Are Mosquitoes Attracted to Light? (How to Control Them)

In the evenings’ many flying insects will swarm around your porch lights. Bugs rely on light for navigation as they search for food. While most of them may be harmless, female mosquitoes use them as an opportunity to bite you for blood. So, are mosquitoes attracted to light?

No, mosquitoes are not usually attracted to light. They get attracted to carbon dioxide present in animal sweat and breath. This makes them able to locate their host even in total darkness. This is why mosquitos are not typically killed by bug zappers that use UV light to lure insects into their high voltage grid.

Are Mosquitoes Attracted to Light?

Mosquitoes are dreaded insects that attack human being and other animals for blood. The bite of the female anopheles mosquito can transmit a number of serious diseases including malaria.

Mosquitoes aren’t really attracted to light the reason you don’t see them during the day. Usually, they become active in the evening or night time. Sometimes they rely on the soft natural light of the moon or stars for navigation. The closeness of artificial light from bulbs makes it impossible for them to maintain a good angle for clear movement.

Carbon dioxide in breath and sweat is what attracts mosquitoes to their host. This can happen in total darkness even when there is no visible form of light. It is for this reason most mosquito killers are designed to emit carbon dioxide so that these dangerous insects can be lured into the trap.

What about ultraviolet (UV) light?

Mosquitoes are neither attracted to ultraviolet light. This is the main reason why bug zappers are not effective at killing them. Bug zappers produce ultraviolet light that attracts bugs which are then electrocuted by a highly charged grid. Many studies have established that out of thousands of insects a bug zapper kills per day, less than 5% are mosquitoes.

Most people buy a bug zapper with an aim of exterminating mosquitoes in their homes or backyards but end up with a big disappointment.
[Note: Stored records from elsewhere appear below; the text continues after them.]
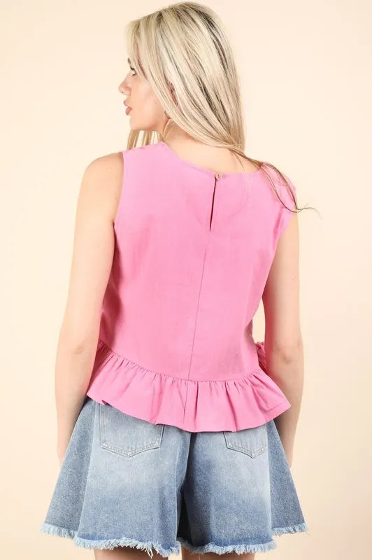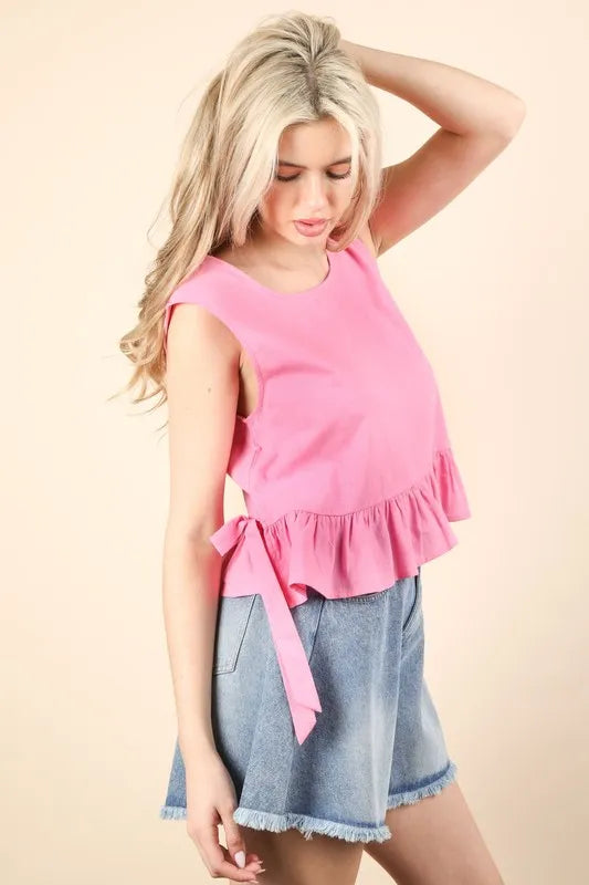VERY J Side Tie Detail Ruffled Sleeveless Top
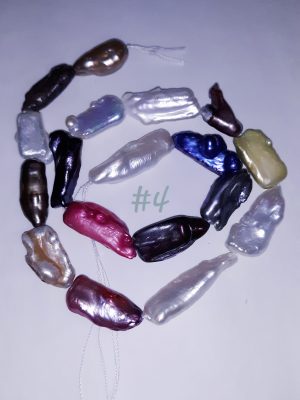 16″ strand of Freshwater Pearls; Brand New, Never Used; $6.00/strand; only 1 strand available; Each bead is 16mm long and 6-8mm wide; Beautiful colors of white, magenta, brown, fluorescent blue, silver and black; Lots of texture for your design; Pet-friendly, non-smoking home; will ship via USPS Priority Mail; shipping is $5.00; I combine shipping.
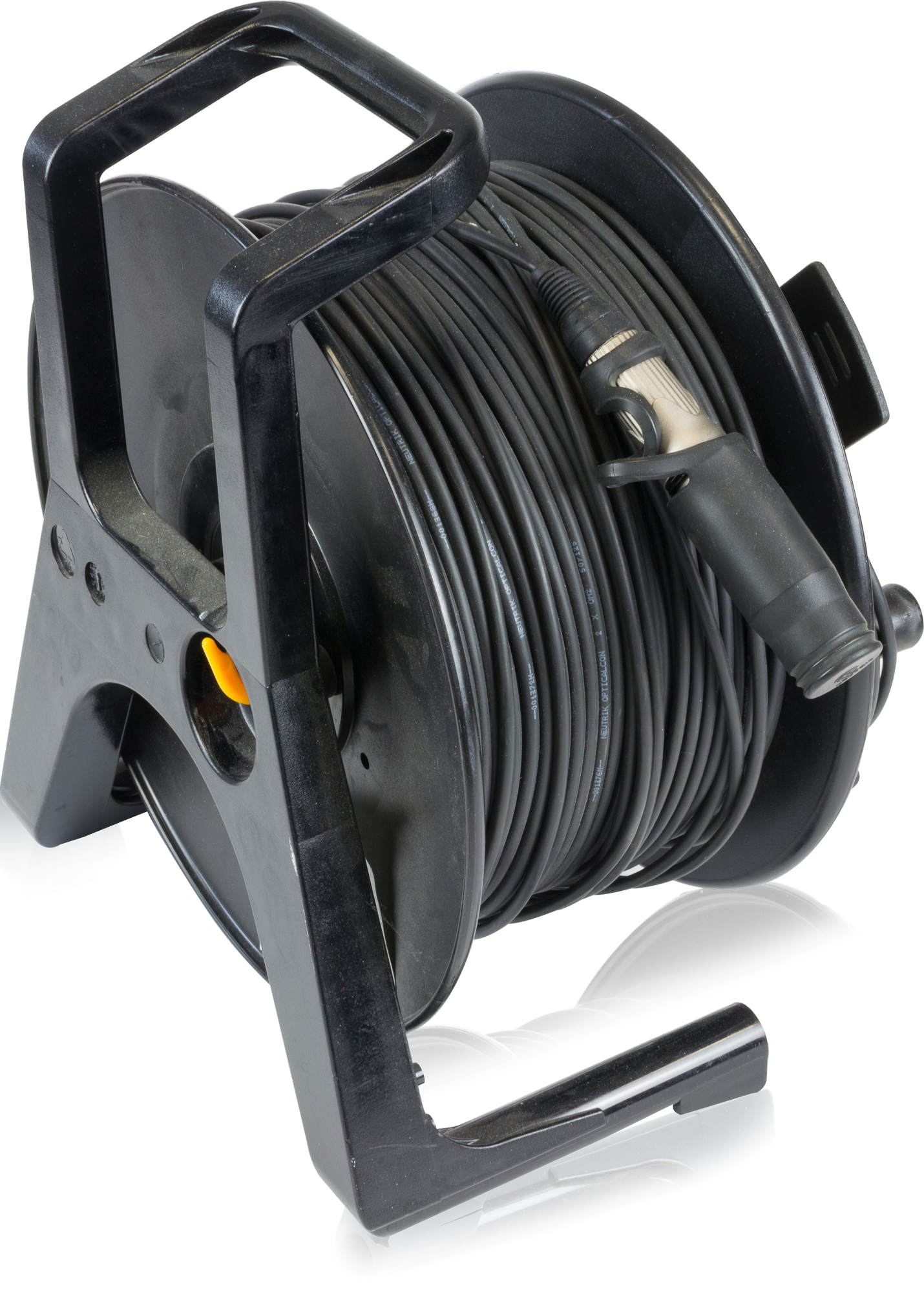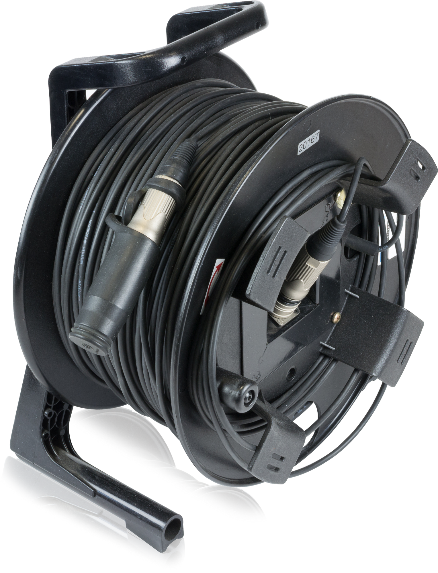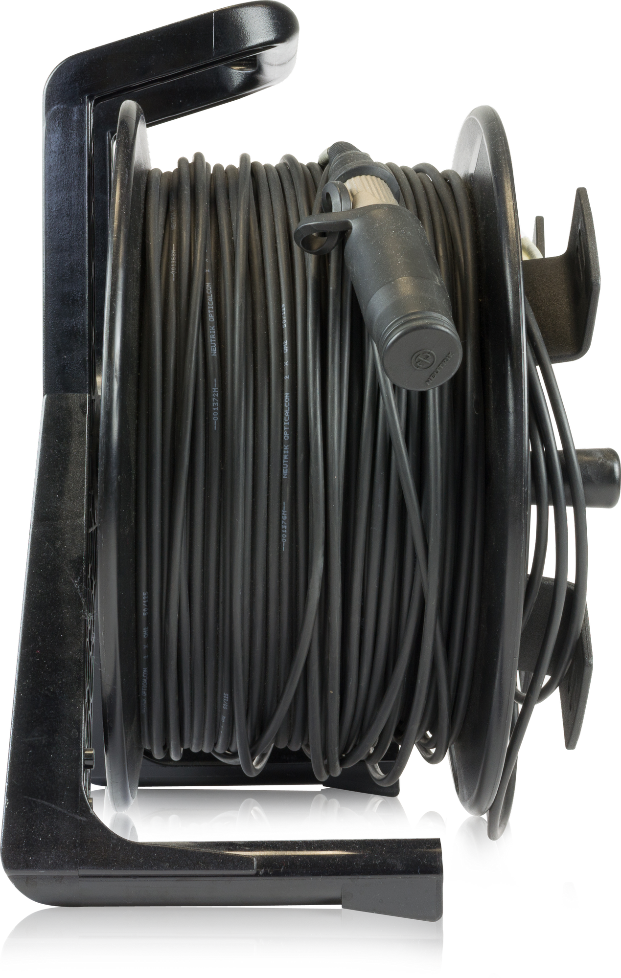 The FIBRE-150M ruggedised multimode optical fibre cable provides a bidirectional data link in a single 150 metre cable and features Neutrik opticalCON DUO connectors for high reliability, especially desirable in concert touring and festival applications where the optical connection needs to be protected against the ingress of dirt and dust. When used in conjunction with MIDAS and KLARK TEKNIK products equipped with optical snake interfaces, the FIBRE-150M cable can transmit 192 bidirectional channels of 24 bit digital audio at 96 kHz sample rate.
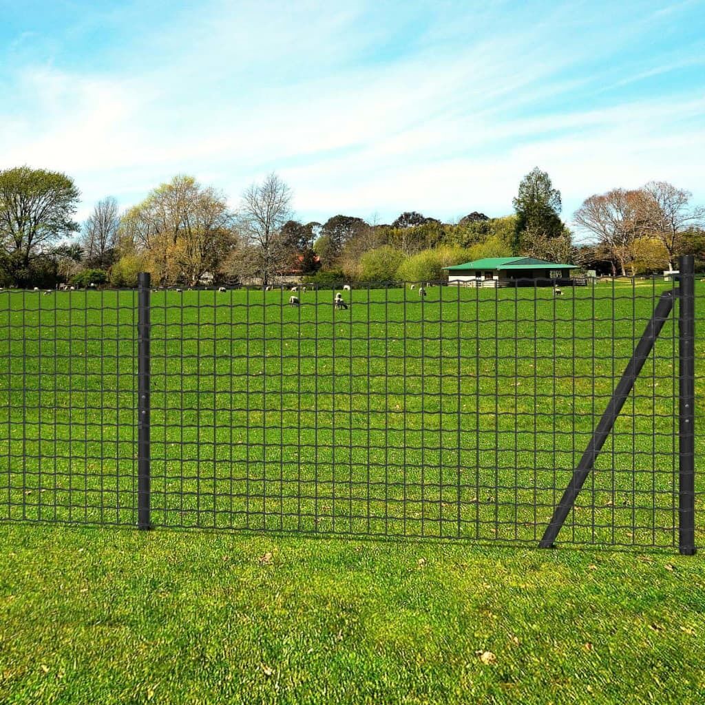 NOW $289.22This euro fence set with ground spikes contains everything you need to erect a sturdy and easy-to-install fence. It can be used as an ordinary perimeter fence or a barrier for animal enclosures or facilities. The set is delivered with posts, and installation accessories including post caps, wire holders and screws. The included spike anchors enable you to easily anchor the posts, without needing to dig holes for them. The fence set has a strong construction. The PVC-coated wire mesh is resistant to weathering, corrosion and UV radiation. This garden fence set can be installed quickly and easily.

Mosquitoes remain active even in areas with a working bug zapper. This led to many questions on how a bug zapper work before it was discovered that mosquitoes are disinterested in UV light.

It is a wrong plan to use a bug zapper on mosquitoes. Thousands of bugs killed by this device are usually harmless. Insects are an important part of our ecosystem, they serve as food for many wildlife and have important roles in agriculture such as pollinating and enriching the soil with nitrogen.

Does yellow light keep away mosquitoes?

Changing your outdoor bulbs to yellow light is one of the ways of keeping bugs away from the porch light. Generally, mosquitoes and other flying insects have a smaller visible spectrum compared to humans. It is hard for them to detect a yellow or red light.

Switching to yellow bulbs will incredibly reduce the number of bugs in your outdoor but will not stop mosquitoes from attacking you. Their ability to detect carbon dioxide will still lead them to their host. You should therefore consider other ways of controlling mosquitoes in your yard.

How to Control Mosquitoes in Your Yard

Light can neither attract nor repel mosquitoes and should not be used as a way of controlling them. But there are various things you can do to prevent mosquito bites while on your patio, deck, balcony or garden. If you are considering purchasing a mosquito fogger, check out this article on whether they really work.

  1. Remove any standing water in your yard. Mosquitoes love stagnant water and this is where they usually breed. Empty any collected water in items around your yard including birdbaths, flowerpots and other open containers.
  2. Regularly clean your gutters and downspouts to remove any debris that may clog the drainage system. Any puddles of water collected on the gutters or in the drains will immensely attract mosquitoes.
  3. Keep your backyard clean by picking up leaves and other debris. Mosquitoes love hiding in such dark areas during the day.
  4. Trim your lawns and shrubs as overgrown grass and hanging tree brunches provide a good damp areas for the hiding and breeding of mosquitoes.
  5. Add bug screen on your windows, doors and outdoor areas such as patios and porches. The gauge mesh is designed in a way that even small-sized mosquitoes cannot go through.
  6. Cover any items that may harbor mosquitoes in your backyard. Examples include boats, pools, hot tubs, grills and more.
  7. Invest in a good mosquito repellent for outdoors. The most effective products contain DEET, citronella oil or other essential oil. Use as directed by the product manufacturer. If you are considering a natural repellent for mosquitoes, check out our article on Citronella Candles before you consider purchasing them.
  8. Wear long-sleeved tops and long pants when outdoors in the evening to avoid mosquito bites.
  9. Contact pest control agencies for fumigation services, they are the best for controlling pests at the community level.

Final Thought

The majority of bugs are attracted to light, and that is why you see them busy around your porch light every evening. However, mosquitoes aren’t interested in UV, yellow or white light. This is why they are hardly controlled by a bug zapper.

Carbon dioxide in the breath and sweat is what attracts these blood sucking insects to their hosts. In this guide we have recommended various ways that can help in reducing the population of mosquitoes in your backyard for peaceful evening relaxations, dining or partying.